09 febbraio 2008

Al via le nuove radio SDR delle forze USA

81 milioni di dollari a testa. Tanto hanno ricevuto nel 2004 le due cordate capitanate da Boeing e Lockheed Martin per progettare la parte Airborne Maritime and Fixed Station dell'ambizioso piano per la ricostruzione in chiave software defined radio dell'intero sistema di comunicazione delle forze armate americane (il Joint Tactical Radio System). Entro la fine diel mese, riferisce Reuters, sono attese le decisione sulla prima vera e propria commessa. L'AFM comprende gli apparati che dovrebbero essere dispiegati in 150 stazioni tra velivoli, navi e postazioni fisse in sostituzione dei sistemi oggi in uso. Prima tranche tra gli 800 e i 1.200 milioni, ma in futuro si pensa a investimenti da 10 miliardi di dollari e più, su una scala di 12-15 anni di realizzazione. La chiamano anche "infrastruttura per il network-centric warfare, la guerra su protocollo Ip.
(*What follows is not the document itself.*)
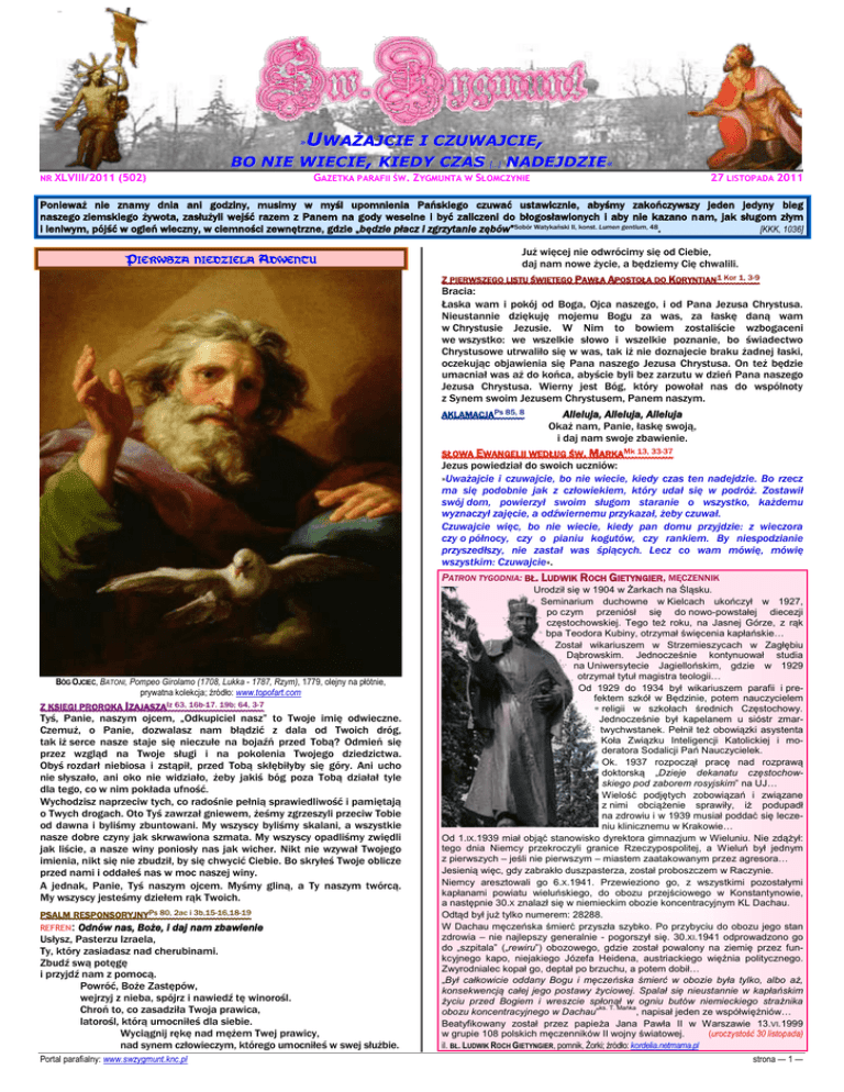 UWAŻAJCIE I CZUWAJCIE, BO NIE WIECIE, KIEDY CZAS […] NADEJDZIE« » NR XLVIII/2011 (502) GAZETKA PARAFII ŚW. ZYGMUNTA W SŁOMCZYNIE 27 LISTOPADA 2011 Ponieważ nie znamy dnia ani godziny, musimy w myśl upomnienia Pańskiego czuwać ustawicznie, abyśmy zakończywszy jeden jedyny bieg naszego ziemskiego żywota, zasłużyli wejść razem z Panem na gody weselne i być zaliczeni do błogosławionych i aby nie kazano nam, jak sługom złym i leniwym, pójść w ogień wieczny, w ciemności zewnętrzne, gdzie „będzie płacz i zgrzytanie zębów”Sobór Watykański II, konst. Lumen gentium, 48. [KKK, 1036] PIERWSZA NIEDZIELA ADWENTU Już więcej nie odwrócimy się od Ciebie, daj nam nowe życie, a będziemy Cię chwalili. Z PIERWSZEGO LISTU ŚWIĘTEGO PAWŁA APOSTOŁA DO KORYNTIAN1 Kor 1, 3-9 Bracia: Łaska wam i pokój od Boga, Ojca naszego, i od Pana Jezusa Chrystusa. Nieustannie dziękuję mojemu Bogu za was, za łaskę daną wam w Chrystusie Jezusie. W Nim to bowiem zostaliście wzbogaceni we wszystko: we wszelkie słowo i wszelkie poznanie, bo świadectwo Chrystusowe utrwaliło się w was, tak iż nie doznajecie braku żadnej łaski, oczekując objawienia się Pana naszego Jezusa Chrystusa. On też będzie umacniał was aż do końca, abyście byli bez zarzutu w dzień Pana naszego Jezusa Chrystusa. Wierny jest Bóg, który powołał nas do wspólnoty z Synem swoim Jezusem Chrystusem, Panem naszym. AKLAMACJAPs 85, 8 Alleluja, Alleluja, Alleluja Okaż nam, Panie, łaskę swoją, i daj nam swoje zbawienie. SŁOWA EWANGELII WEDŁUG ŚW. MARKAMk 13, 33-37 Jezus powiedział do swoich uczniów: »Uważajcie i czuwajcie, bo nie wiecie, kiedy czas ten nadejdzie. Bo rzecz ma się podobnie jak z człowiekiem, który udał się w podróż. Zostawił swój dom, powierzył swoim sługom staranie o wszystko, każdemu wyznaczył zajęcie, a odźwiernemu przykazał, żeby czuwał. Czuwajcie więc, bo nie wiecie, kiedy pan domu przyjdzie: z wieczora czy o północy, czy o pianiu kogutów, czy rankiem. By niespodzianie przyszedłszy, nie zastał was śpiących. Lecz co wam mówię, mówię wszystkim: Czuwajcie«. PATRON TYGODNIA: BŁ. LUDWIK ROCH GIETYNGIER, MĘCZENNIK BÓG OJCIEC, BATONI, Pompeo Girolamo (1708, Lukka - 1787, Rzym), 1779, olejny na płótnie, prywatna kolekcja; źródło: www.topofart.com Z KSIĘGI PROROKA IZAJASZAIz 63, 16b-17. 19b; 64, 3-7 Tyś, Panie, naszym ojcem, „Odkupiciel nasz” to Twoje imię odwieczne. Czemuż, o Panie, dozwalasz nam błądzić z dala od Twoich dróg, tak iż serce nasze staje się nieczułe na bojaźń przed Tobą? Odmień się przez wzgląd na Twoje sługi i na pokolenia Twojego dziedzictwa. Obyś rozdarł niebiosa i zstąpił, przed Tobą skłębiłyby się góry. Ani ucho nie słyszało, ani oko nie widziało, żeby jakiś bóg poza Tobą działał tyle dla tego, co w nim pokłada ufność. Wychodzisz naprzeciw tych, co radośnie pełnią sprawiedliwość i pamiętają o Twych drogach. Oto Tyś zawrzał gniewem, żeśmy zgrzeszyli przeciw Tobie od dawna i byliśmy zbuntowani. My wszyscy byliśmy skalani, a wszystkie nasze dobre czyny jak skrwawiona szmata. My wszyscy opadliśmy zwiędli jak liście, a nasze winy poniosły nas jak wicher. Nikt nie wzywał Twojego imienia, nikt się nie zbudził, by się chwycić Ciebie. Bo skryłeś Twoje oblicze przed nami i oddałeś nas w moc naszej winy. A jednak, Panie, Tyś naszym ojcem. Myśmy gliną, a Ty naszym twórcą. My wszyscy jesteśmy dziełem rąk Twoich. PSALM RESPONSORYJNYPs 80, 2ac i 3b,15-16,18-19 REFREN: Odnów nas, Boże, i daj nam zbawienie Usłysz, Pasterzu Izraela, Ty, który zasiadasz nad cherubinami. Zbudź swą potęgę i przyjdź nam z pomocą. Powróć, Boże Zastępów, wejrzyj z nieba, spójrz i nawiedź tę winorośl. Chroń to, co zasadziła Twoja prawica, latorośl, którą umocniłeś dla siebie. Wyciągnij rękę nad mężem Twej prawicy, nad synem człowieczym, którego umocniłeś w swej służbie. Portal parafialny: www.swzygmunt.knc.pl Urodził się w 1904 w Żarkach na Śląsku. Seminarium duchowne w Kielcach ukończył w 1927, po czym przeniósł się do nowo-powstałej diecezji częstochowskiej. Tego też roku, na Jasnej Górze, z rąk bpa Teodora Kubiny, otrzymał święcenia kapłańskie… Został wikariuszem w Strzemieszycach w Zagłębiu Dąbrowskim. Jednocześnie kontynuował studia na Uniwersytecie Jagiellońskim, gdzie w 1929 otrzymał tytuł magistra teologii… Od 1929 do 1934 był wikariuszem parafii i prefektem szkół w Będzinie, potem nauczycielem religii w szkołach średnich Częstochowy. Jednocześnie był kapelanem u sióstr zmartwychwstanek. Pełnił też obowiązki asystenta Koła Związku Inteligencji Katolickiej i moderatora Sodalicji Pań Nauczycielek. Ok. 1937 rozpoczął pracę nad rozprawą doktorską „Dzieje dekanatu częstochowskiego pod zaborem rosyjskim” na UJ… Wielość podjętych zobowiązań i związane z nimi obciążenie sprawiły, iż podupadł na zdrowiu i w 1939 musiał poddać się leczeniu klinicznemu w Krakowie… Od 1.IX.1939 miał objąć stanowisko dyrektora gimnazjum w Wieluniu. Nie zdążył: tego dnia Niemcy przekroczyli granice Rzeczypospolitej, a Wieluń był jednym z pierwszych – jeśli nie pierwszym – miastem zaatakowanym przez agresora… Jesienią więc, gdy zabrakło duszpasterza, został proboszczem w Raczynie. Niemcy aresztowali go 6.X.1941. Przewieziono go, z wszystkimi pozostałymi kapłanami powiatu wieluńskiego, do obozu przejściowego w Konstantynowie, a następnie 30.X znalazł się w niemieckim obozie koncentracyjnym KL Dachau. Odtąd był już tylko numerem: 28288. W Dachau męczeńska śmierć przyszła szybko. Po przybyciu do obozu jego stan zdrowia – nie najlepszy generalnie - pogorszył się. 30.XI.1941 odprowadzono go do „szpitala” („rewiru”) obozowego, gdzie został powalony na ziemię przez funkcyjnego kapo, niejakiego Józefa Heidena, austriackiego więźnia politycznego. Zwyr

Pentagon could award big radio contract this month
Fri Feb 8, 2008 2:46pm EST

By Andrea Shalal-Esa

WASHINGTON (Reuters) - The Pentagon will soon choose either Boeing Co or Lockheed Martin Corp to design a next-generation radio system for aircraft, ships and ground stations, a deal potentially worth billions of dollars to the winning bidder.Award of the Joint Tactical Radio System contract could come as soon as the end of February, according to Leo Conboy, program manager for Boeing's team. The Pentagon has promised a decision by the end of the first quarter.
Defense analysts say the contract for system design and development of the Airborne Maritime and Fixed Station (AMF) segment of the program will total $800 million to $1.2 billion. A later production contract could translate into business deals valued at $10 billion or more over the long term, they say.
The tactical radio system is a family of advanced software-based communications that will replace current radio equipment throughout the U.S. military. It will provide secure Internet-like capabilities and networking for voice, text, audio, and video.
The ambitious multi-billion dollar program ran into problems several years ago, prompting the Pentagon to appoint Dennis Bauman in 2005 to lead a restructuring effort.
Bauman said the program was back on track, delivering the first radios to troops and testing others. The AMF contract is the final piece of JTRS, which includes development of the underlying software, and of handheld and backpack-sized radios. Boeing and Lockheed were each awarded an $81 million contract in December 2004 for preliminary design work on the radio system, which will be integrated into more than 150 airborne, shipboard and fixed stations.
In an interview, Conboy acknowledged past problems with the radio system, including a Boeing-led effort to develop the underlying software.
But Boeing made "significant" progress over the past two years, which in turn helped to reduce the risk of the AMF segment that will now be awarded, Conboy said. "I feel very bullish about the probability of achieving the goals of the program," he said, adding Boeing's work on the other program had helped weed out which technologies to use and which to skip. Boeing's team includes Harris Corp, L-3 Communications Holdings Inc, and Rockwell Collins Inc.
Rival Lockheed is competing for the contract with a team that includes BAE Systems Plc, General Dynamics Corp, Raytheon Co and the Northrop Grumman Corp unit that works on communications equipment for F-22 and F-35 fighter jets. Glenn Kurowski, director of the Lockheed team, lauded his group's collective experience on communications equipment, and said past performance accounted for about one-third of the evaluation criteria.
Lockheed is well-positioned to win the award, due to its experience on WIN-T, another big communications program; its work on the precursor contract to this one; and its experience as a systems integrator on other weapons, he said. "It's not just a radio; it's about the integration," Kurowski told Reuters.
Initially, the AMF equipment is due to be installed on Army Apache and CH-47 helicopters, Navy E-2C reconnaissance planes, C-130 aircraft used by special operations forces, Navy aircraft carriers and other warships, plus unmanned fixed radio sites.
The Pentagon's fiscal 2009 budget request includes $203.8 million for the AMF program, up from $106.7 million in fiscal 2008. Funding is expected to rise steadily as the program nears low-rate initial production in 2012.